Coming Home to UNZA

With apologies to Thomas Wolfe, sometimes you can go home again. Not long after I joined DLA Piper, I learned of its non-profit affiliate New Perimeter's program teaching at the University of Zambia School of Law. I knew I wanted to be a part of the program, if they would have me. They did, and I was a part of the team teaching at UNZA earlier this year. Now that I am back, I wouldn't trade it for the world.

My mother taught at the University of Zambia for much of the 1970s, and some of my happiest childhood memories were of riding a bicycle around its then-brand new campus and of exploring its libraries and other wonders. Perhaps the best part of my education had been in Lusaka, perhaps equally due to the International School of Lusaka, where I went, and the free run I had had of the public library downtown. I had many memories of Zambia, and a group of close friends from those days who are still very dear to me. In sum, I owed Zambia much, a debt only compounded since we left in 1979.

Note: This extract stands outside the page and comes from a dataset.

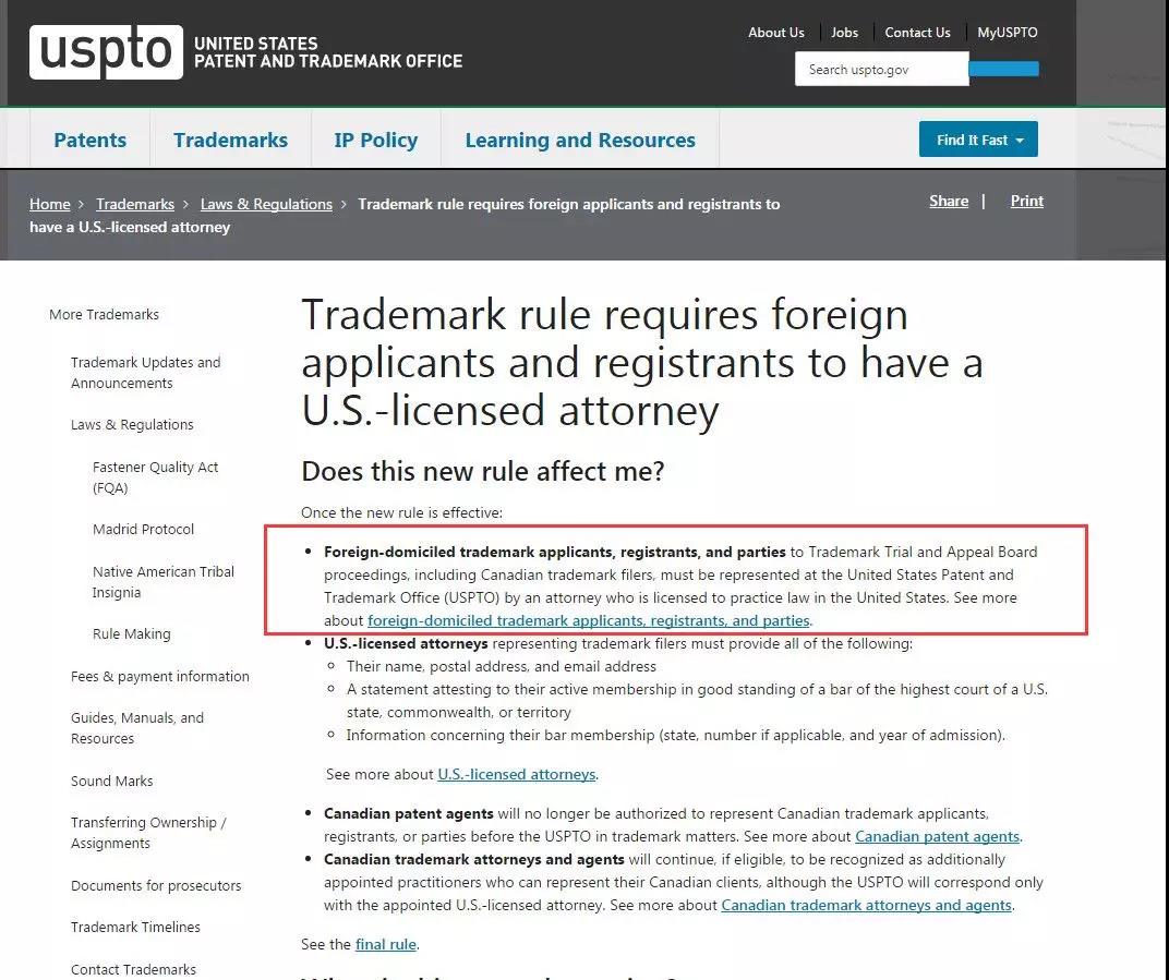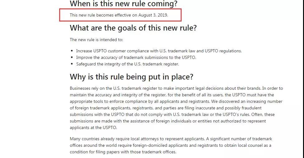 7月2日,美國(guó)專利商標(biāo)局(USPTO)官宣:新的商標(biāo)規(guī)則,要求外國(guó)商標(biāo)申請(qǐng)人必須由在美國(guó)執(zhí)業(yè)的律師代理,新商標(biāo)規(guī)則的生效日期為2019年8月3日。

It would take 5,000 words, not 500, to do an adequate job of describing the week that was. Instead, I give you a number of impressionistic glimpses that, together, perhaps give a sense of how vibrant the week, UNZA and Zambia were:

The New Perimeter program at UNZA brought together a varied group of lawyers who, by week's end, would be quite a team. From Boehringer-Ingelheim were Stefanie Bock-Kreilinger (Vienna), Wendy Hufford (Connecticut), and Alexander Maringer (Germany). The DLA participants were our team leader, Crystal Doyle (Chicago), Rachel Williams (Birmingham), Neal Kronley (New York), Jayne Risk (Philadelphia), and Stuart Morrow (Vancouver).

The law program at UNZA begins in the second year a student is at the University. Competition to get into the program is intense, with fewer than one in seven applicants being granted a place. The students come from a variety of educational backgrounds, from private schools in Lusaka to rural schools.

The students are marvels. They are hard-working, determined, and friendly. They dug in to complicated legal issues with delight, and the quality of the analysis and of the writing they produced by the end of our week with them was something to be justifiably proud of. They likely taught the teachers more than the teachers taught them.

The week went by in a blur. The intense classes going through a mass of complex material were leavened by the camaraderie developed amongst the students and teachers – including impromptu singing during our last lunch at the law school –the photos and group selfies that will long bring a smile to my face, the chance to visit my mother's old department, the many excellent meals and conversations with a group of teachers who began as strangers but ended up as brothers and sisters, and the warmth of our hosts at UNZA and at the local DLA Piper affiliate, Chibesakunda and Company. All these experiences will live long in my memories, and will bring a smile to my face whenever they are recalled. I thank everyone involved for letting me be a small part of the project.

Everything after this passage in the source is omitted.